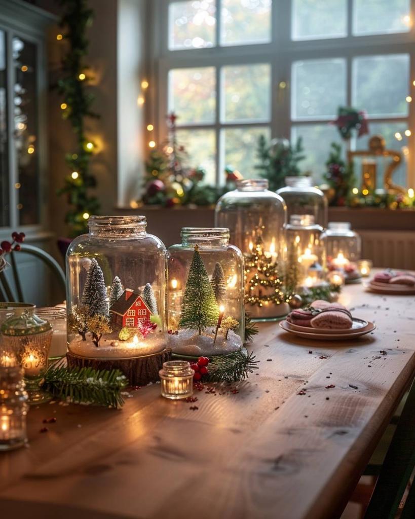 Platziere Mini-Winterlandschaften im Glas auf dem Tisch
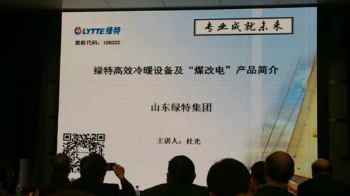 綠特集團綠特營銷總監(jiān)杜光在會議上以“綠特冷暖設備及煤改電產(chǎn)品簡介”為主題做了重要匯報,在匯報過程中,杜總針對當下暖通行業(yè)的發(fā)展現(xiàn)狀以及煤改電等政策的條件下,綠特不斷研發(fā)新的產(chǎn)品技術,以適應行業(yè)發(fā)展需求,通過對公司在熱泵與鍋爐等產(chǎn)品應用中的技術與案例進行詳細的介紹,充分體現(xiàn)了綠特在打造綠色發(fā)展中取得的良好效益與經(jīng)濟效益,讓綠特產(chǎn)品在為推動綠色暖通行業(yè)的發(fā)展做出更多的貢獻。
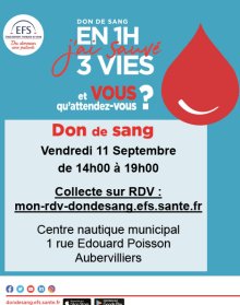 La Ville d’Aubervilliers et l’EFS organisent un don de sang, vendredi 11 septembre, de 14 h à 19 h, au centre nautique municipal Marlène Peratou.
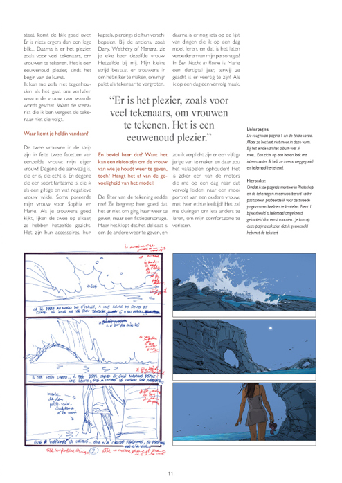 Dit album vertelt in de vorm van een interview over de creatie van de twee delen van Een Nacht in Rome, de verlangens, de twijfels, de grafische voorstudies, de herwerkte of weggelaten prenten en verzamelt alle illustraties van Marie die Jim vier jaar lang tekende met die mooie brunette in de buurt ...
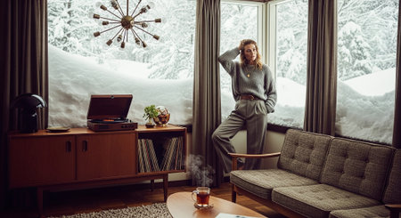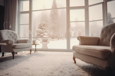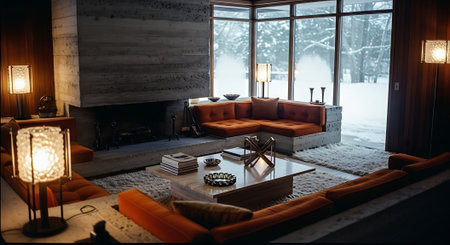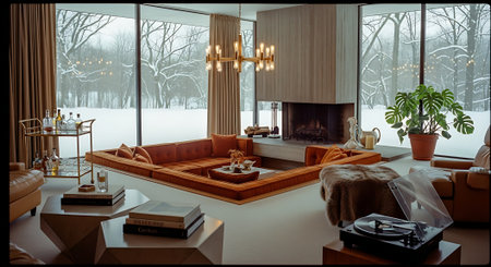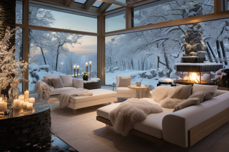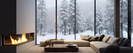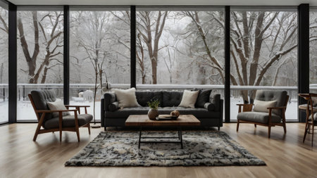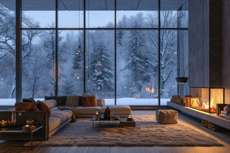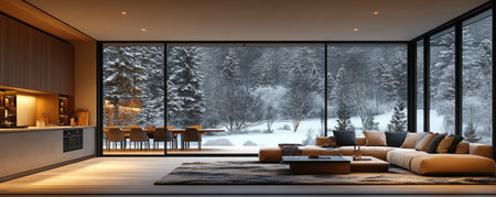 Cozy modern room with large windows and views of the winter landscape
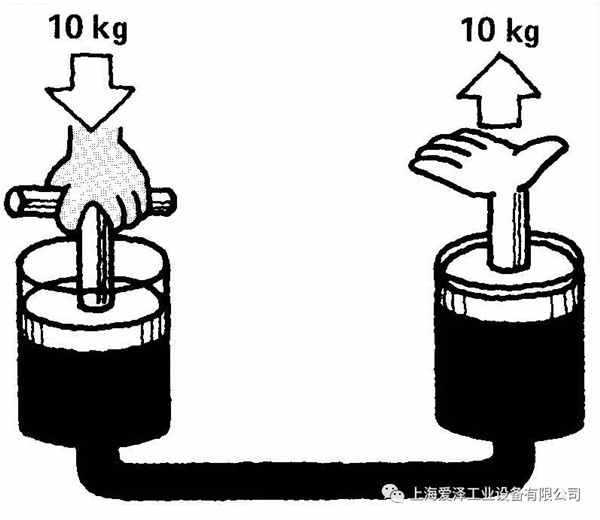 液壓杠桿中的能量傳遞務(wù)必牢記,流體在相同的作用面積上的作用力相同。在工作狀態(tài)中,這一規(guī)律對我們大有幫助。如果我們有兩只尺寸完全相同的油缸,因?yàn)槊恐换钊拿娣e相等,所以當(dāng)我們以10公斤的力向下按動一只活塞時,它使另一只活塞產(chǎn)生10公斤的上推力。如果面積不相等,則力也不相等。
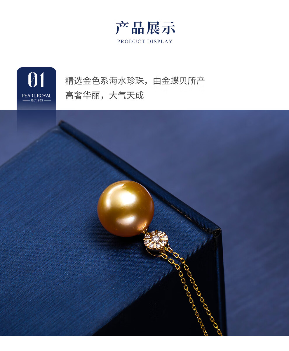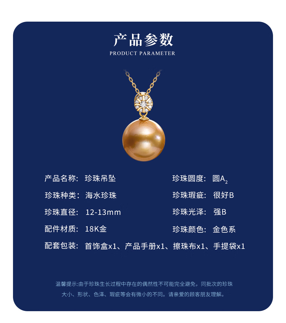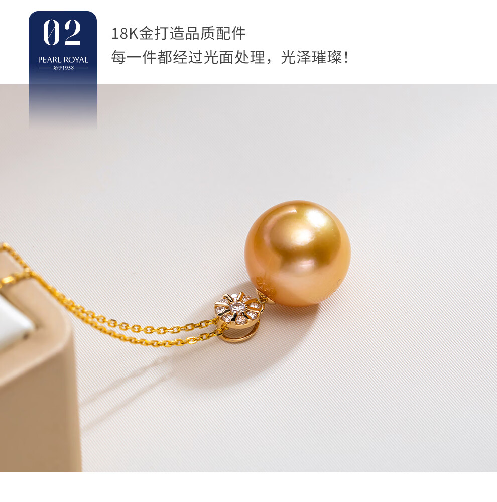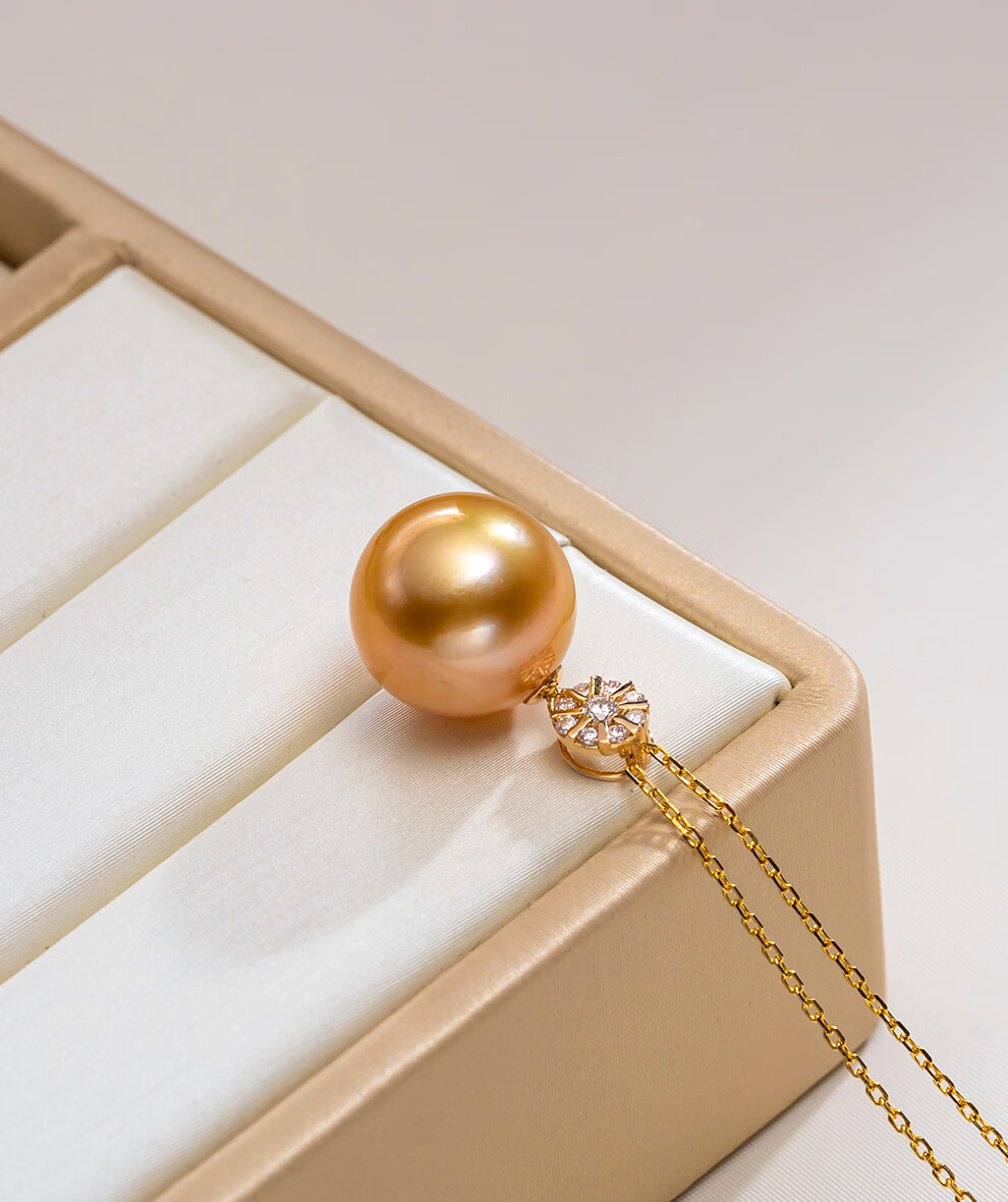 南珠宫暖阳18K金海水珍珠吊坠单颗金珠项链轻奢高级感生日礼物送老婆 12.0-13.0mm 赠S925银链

Problem to solve
Your reply should consist solely of the lines above from the line containing "Cozy modern room" up to and including the line containing "液壓杠桿中的能量傳遞務(wù", reproduced exactly, minus the pictures.

Your solution
 Cozy modern room with large windows and views of the winter landscape
 液壓杠桿中的能量傳遞務(wù)必牢記,流體在相同的作用面積上的作用力相同。在工作狀態(tài)中,這一規(guī)律對我們大有幫助。如果我們有兩只尺寸完全相同的油缸,因?yàn)槊恐换钊拿娣e相等,所以當(dāng)我們以10公斤的力向下按動一只活塞時,它使另一只活塞產(chǎn)生10公斤的上推力。如果面積不相等,則力也不相等。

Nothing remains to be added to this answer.